[Opening Data section]
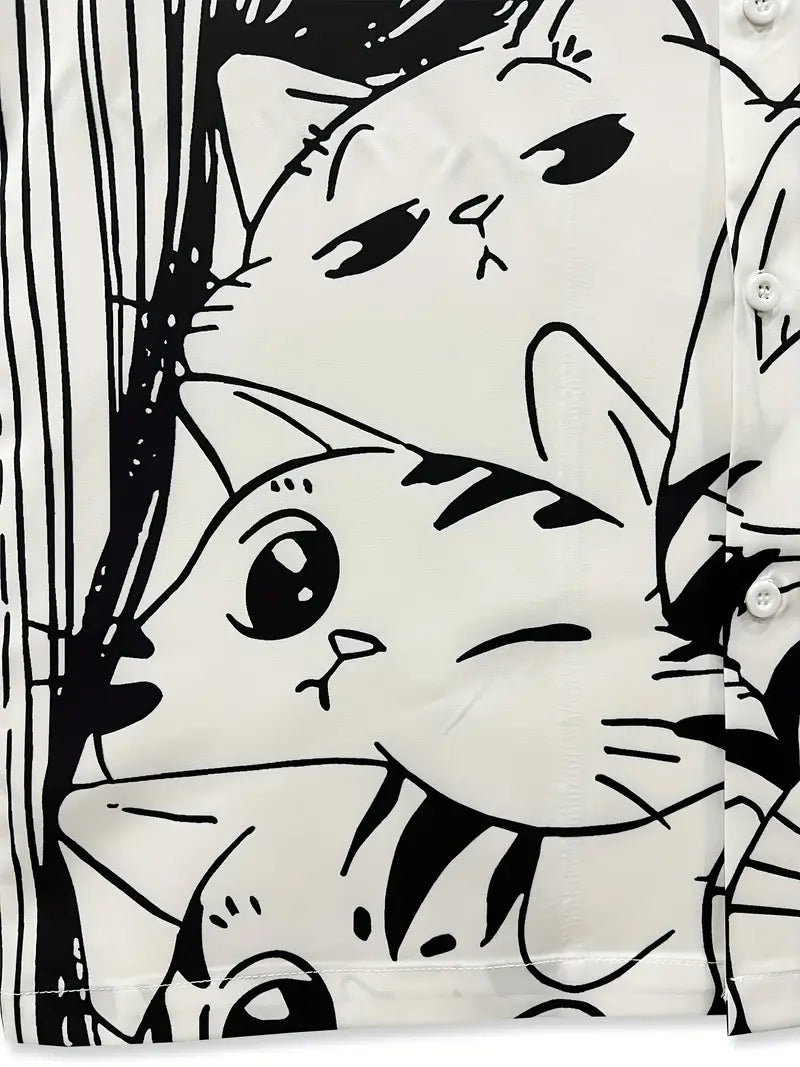 Men'S Casual Shirt with Cute Cat Printed Shirt
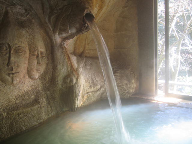 「天降殿」(あもりでん)で入浴。ラウンジがある建物内にあり、男女固定の浴場だ。
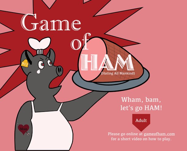 Game of HAM is a party card and board game that will have players squealing with laughter or turning away in shame. The adult version is meant for people who like their humor the way Scrooge likes his coffee, dark and bitter.
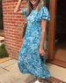 Kortermet lang kjole med blomstertrykk
[Closing Data section]
§ Task description: What you give back should be the full material above, retyped exactly, with every image removed.

§ Response to the exercise:
 Men'S Casual Shirt with Cute Cat Printed Shirt
 「天降殿」(あもりでん)で入浴。ラウンジがある建物内にあり、男女固定の浴場だ。
 Game of HAM is a party card and board game that will have players squealing with laughter or turning away in shame. The adult version is meant for people who like their humor the way Scrooge likes his coffee, dark and bitter.
 Kortermet lang kjole med blomstertrykk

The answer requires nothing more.